In that decision, Justice Neil Gorsuch wrote, “(W)e do not question that sometimes an individual’s unlawful use of marijuana (or any other controlled substance) may render him a danger to others. But, again, the government disclaims the need to show anything like that in this case. Instead, it asks us to conclude that anyone who regularly uses marijuana is categorically violent and dangerous without any further showing. All based on little more than its current say-so, one at odds with its own regulatory actions. And affording the government that kind of “broad power to designate any group as dangerous and thereby disqualify its members from having a gun” would risk allowing it to ‘quickly swallow’ the Second Amendment.”

Coming down on the wrong side were:

Everytown for Gun Safety

The Brady Center to Prevent Gun Violence and Giffords Law Center to Prevent Gun Violence, once again working in tandem

A lineup of attorneys general, all Democrats, representing the District of Columbia plus California, Colorado, Connecticut, Delaware, Hawaii, Illinois, Maine, Maryland, Massachusetts, Michigan, Minnesota, Nevada, New Jersey, New York, Ohio, Oregon, Rhode Island, Vermont and Washington. Their amicus brief put them all on the losing side.

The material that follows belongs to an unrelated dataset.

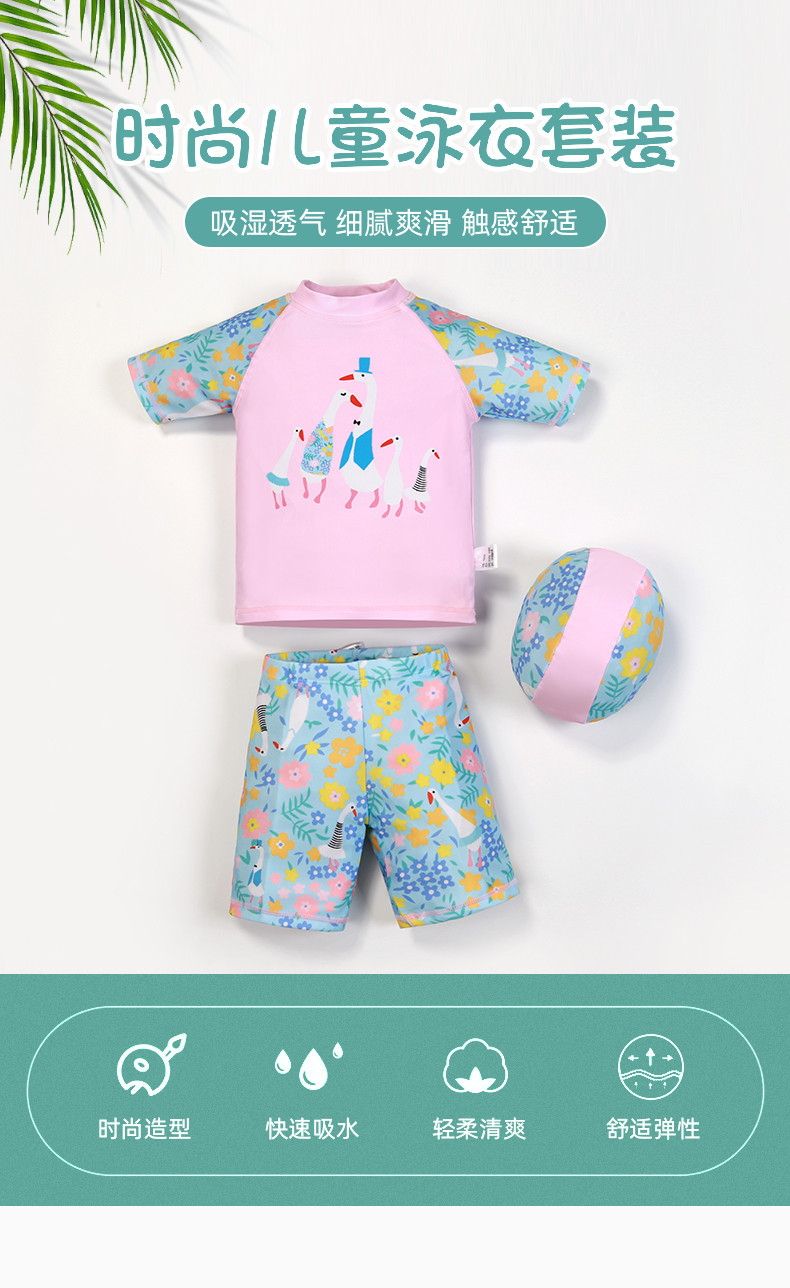 크로스보더 수영복, 아동 수영복, 스플릿 만화 수영복, 중대형 아동 및 여아 수영복, 귀여운 만화 여아 수영복 3종 세트스토어 가기

And then there was the amicus brief from the Global Action on Gun Violence (GAGV) group, which supported neither party, but which argued—as did Associate Justices Ketanji Brown Jackson and Sonia Sotomayor—that “means-end scrutiny,” which invariably comes down on the side of government in cases challenging gun regulations, should be restored. According to GAGV, “Means-end scrutiny respects both constitutional text and the government’s compelling interest in protecting the public, allowing for tailored, effective responses to gun violence. This Court should reaffirm the government’s authority to enact such common-sense measures and provide lower courts and legislatures with a workable, principled standard for evaluating Second Amendment claims.”

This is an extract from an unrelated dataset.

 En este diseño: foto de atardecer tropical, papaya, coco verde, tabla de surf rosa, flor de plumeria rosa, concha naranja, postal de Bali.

Means-end scrutiny was clearly rejected by the Supreme Court in the Bruen ruling, authored by Justice Clarence Thomas.

Now the Supreme Court should take up a case, or cases, which will determine whether modern semi-automatic rifles and standard-capacity magazines are protected by the Second Amendment.

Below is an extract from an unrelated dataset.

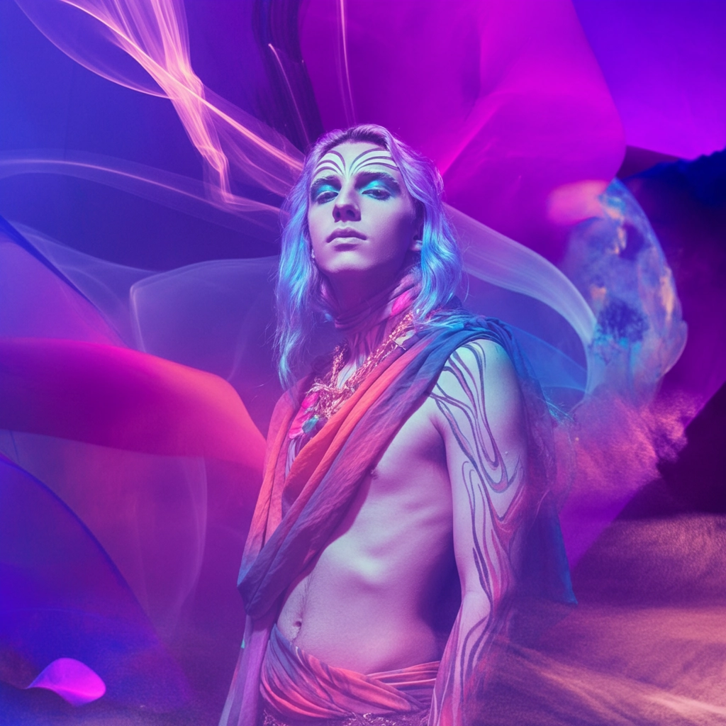 Create a surreal portrait of a person standing in a misty landscape filled with ethereal colors, such as soft purples and blues. The subject should have an enigmatic expression, wearing a flowing outfit that blends into the surroundings, with subtle glowing elements. The background features dreamy, abstract shapes and wisps of light, creating a captivating and otherworldly atmosphere.

Likewise, there is the nagging question about waiting periods. Is it constitutional to require a person who just purchased a firearm to wait anywhere from three to ten days (which, when you include weekends, can stretch out a few more days) before he or she can actually take possession of that firearm?

These high court reviews must happen, say many gun rights activists, while there is still a conservative majority which treats the Second Amendment as protective of a first-class right.

In all likelihood, the same lineup of opponents will be submitting briefs contesting that position.